#### Aim of the exercise
The pictures are to be omitted when the entries are reproduced exactly.

#### Extracted records
____________
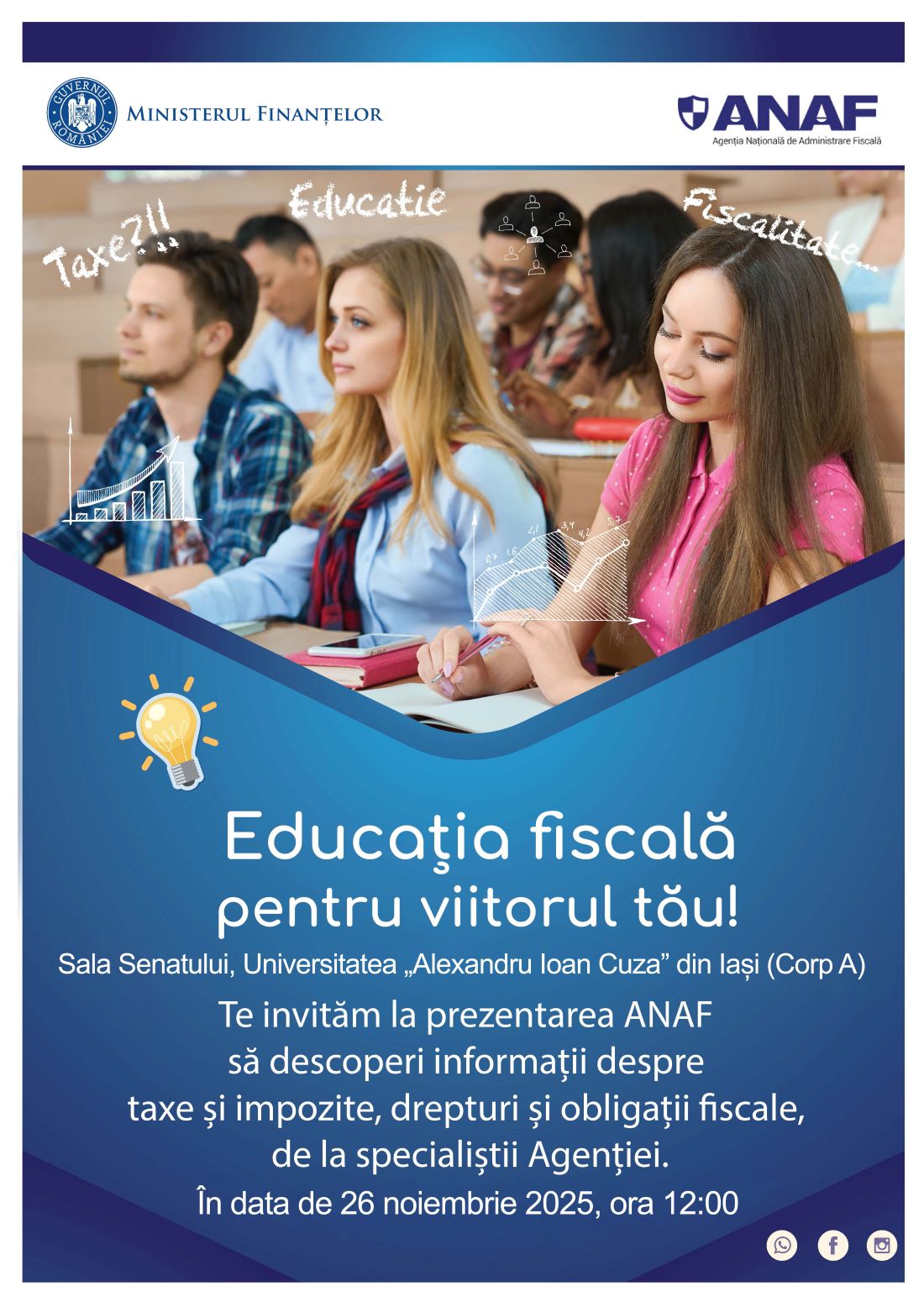 Miercuri, 26 noiembrie 2025, la ora 12.00, în Sala Senatului, studenții UAIC sunt invitați la o prezentare susținută de reprezentanți cu vastă experiență ai Agenției Naționale de Administrare Fiscală (ANAF), în cadrul căreia pot afla mai multe informații utile cu privire la taxe, impozite, drepturi și obligații financiare.
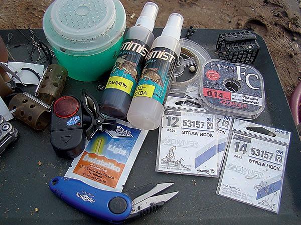 Закормив выход из ямы, возвращаемся на берег и приступаем к организации рабочего места. Опыт ночных рыбалок научил меня основательно готовиться к ловле еще засветло, использовать только необходимый минимум дополнительного снаряжения и расставлять его так, чтобы в нужный момент оно оказывалось под руками, но не мешало.
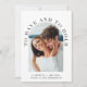 Modern bröllopsinbjudan med ditt foto i en bågformig ram omgiven av "Att ha och hålla kvar" i elegantens typografi. Under fotot lägger du till ditt första namn, bröllop-datum och plats. Anpassa din inbjudan mer detaljerat i enkel typografi på motsatt sida.
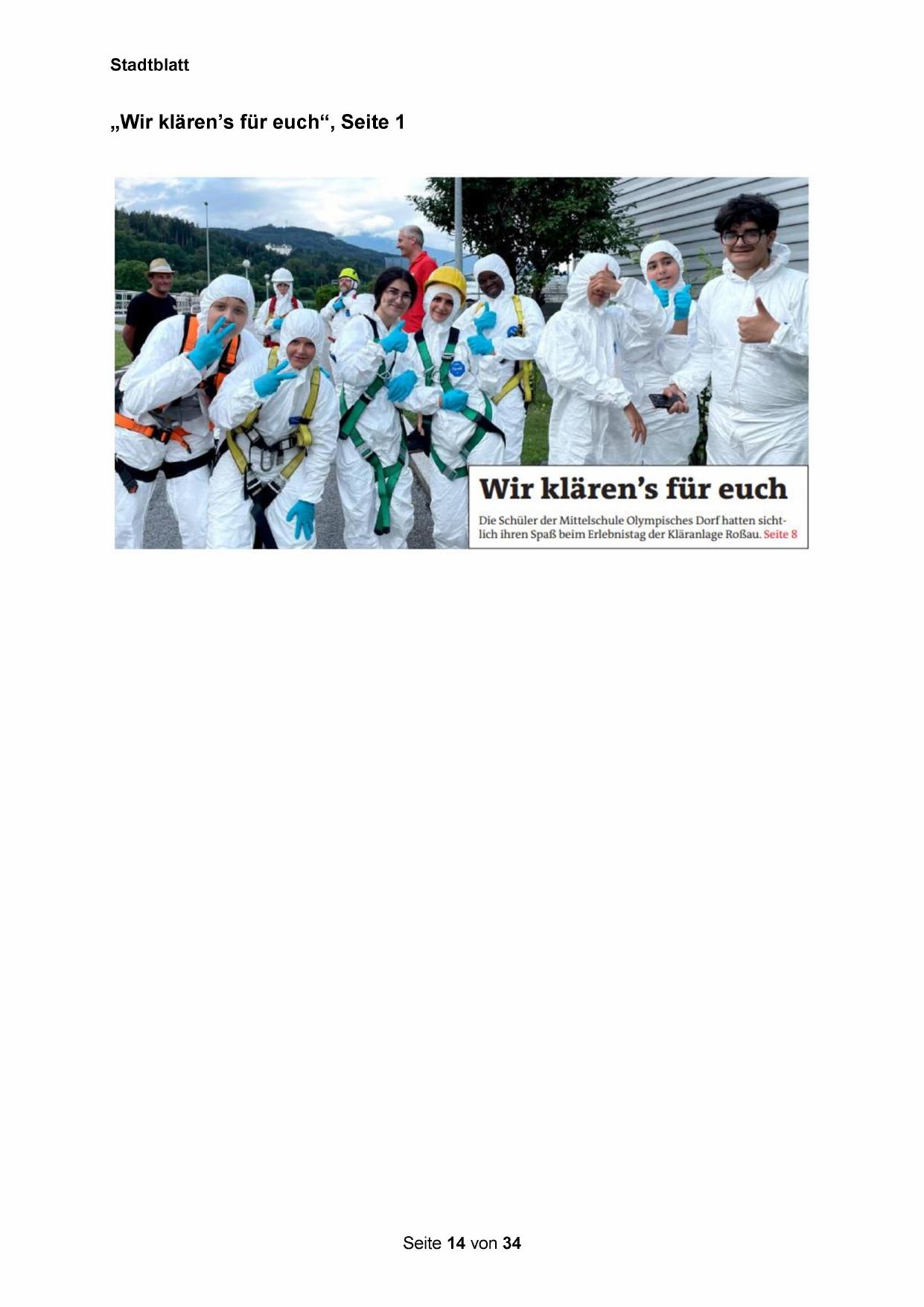 Die Schüler der Mittelschule Olympisches Dorf hatten sichtlich ihren Spaß beim Erlebnistag der Kläranlage Roßau. Seite 8
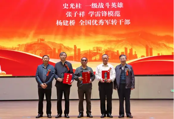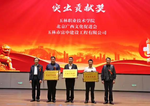 开幕式上,组委会专设“致敬英模”环节,向为国防事业和文化传承做出贡献的英雄模范表示敬意。被中央军委授予“一级战斗英雄”荣誉称号的史光柱、“学雷锋模范”张子祥,以及“全国优秀军转干部” 杨建桥登台接受荣誉。史光柱在战斗中身负重伤、双目失明后,以惊人毅力成为中国首位盲人学士,用诗文和歌曲传递生命意志;张子祥在 36 年军旅生涯中多次立功受奖,退休后持续投身国防教育;杨建桥转业后创办战友集团,吸纳 3000 余名退役军人创业就业,以实干诠释“退役不褪色”。他们的感人事迹赢得全场热烈掌声,彰显了英雄精神的时代价值。此外,组委会还为活动做出突出贡献的个人与单位颁发了奖项, 包括陆路通、禤运红、黄创军、唐彰元、陈俊生、张子祥,玉林职业技术学院、北京广西文化促进会、玉林市富申建设工程有限公司获奖。同时,还表彰了最美志愿者。
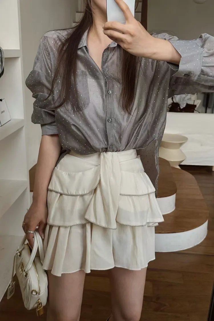 天絲 薄款涼感 親膚舒適 藝術細閃鑽材質 低調華麗 單口袋排釦
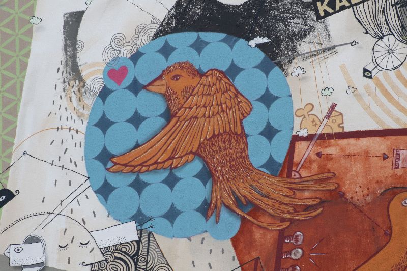 Die Hommage an die Arbeit von Kurt Schwitters entstand in Anlehnung an das 1919 entstandene Werk „Das Undbild“. Dazu wurden Teile aus dem Schwitters Zitat „Das Leben ist eine herrliche Erfindung“ in das Kunstwerk integriert.
____________
#### Solution to this task
 Miercuri, 26 noiembrie 2025, la ora 12.00, în Sala Senatului, studenții UAIC sunt invitați la o prezentare susținută de reprezentanți cu vastă experiență ai Agenției Naționale de Administrare Fiscală (ANAF), în cadrul căreia pot afla mai multe informații utile cu privire la taxe, impozite, drepturi și obligații financiare.
 Закормив выход из ямы, возвращаемся на берег и приступаем к организации рабочего места. Опыт ночных рыбалок научил меня основательно готовиться к ловле еще засветло, использовать только необходимый минимум дополнительного снаряжения и расставлять его так, чтобы в нужный момент оно оказывалось под руками, но не мешало.
 Modern bröllopsinbjudan med ditt foto i en bågformig ram omgiven av "Att ha och hålla kvar" i elegantens typografi. Under fotot lägger du till ditt första namn, bröllop-datum och plats. Anpassa din inbjudan mer detaljerat i enkel typografi på motsatt sida.
 Die Schüler der Mittelschule Olympisches Dorf hatten sichtlich ihren Spaß beim Erlebnistag der Kläranlage Roßau. Seite 8
 开幕式上,组委会专设“致敬英模”环节,向为国防事业和文化传承做出贡献的英雄模范表示敬意。被中央军委授予“一级战斗英雄”荣誉称号的史光柱、“学雷锋模范”张子祥,以及“全国优秀军转干部” 杨建桥登台接受荣誉。史光柱在战斗中身负重伤、双目失明后,以惊人毅力成为中国首位盲人学士,用诗文和歌曲传递生命意志;张子祥在 36 年军旅生涯中多次立功受奖,退休后持续投身国防教育;杨建桥转业后创办战友集团,吸纳 3000 余名退役军人创业就业,以实干诠释“退役不褪色”。他们的感人事迹赢得全场热烈掌声,彰显了英雄精神的时代价值。此外,组委会还为活动做出突出贡献的个人与单位颁发了奖项, 包括陆路通、禤运红、黄创军、唐彰元、陈俊生、张子祥,玉林职业技术学院、北京广西文化促进会、玉林市富申建设工程有限公司获奖。同时,还表彰了最美志愿者。
 天絲 薄款涼感 親膚舒適 藝術細閃鑽材質 低調華麗 單口袋排釦
 Die Hommage an die Arbeit von Kurt Schwitters entstand in Anlehnung an das 1919 entstandene Werk „Das Undbild“. Dazu wurden Teile aus dem Schwitters Zitat „Das Leben ist eine herrliche Erfindung“ in das Kunstwerk integriert.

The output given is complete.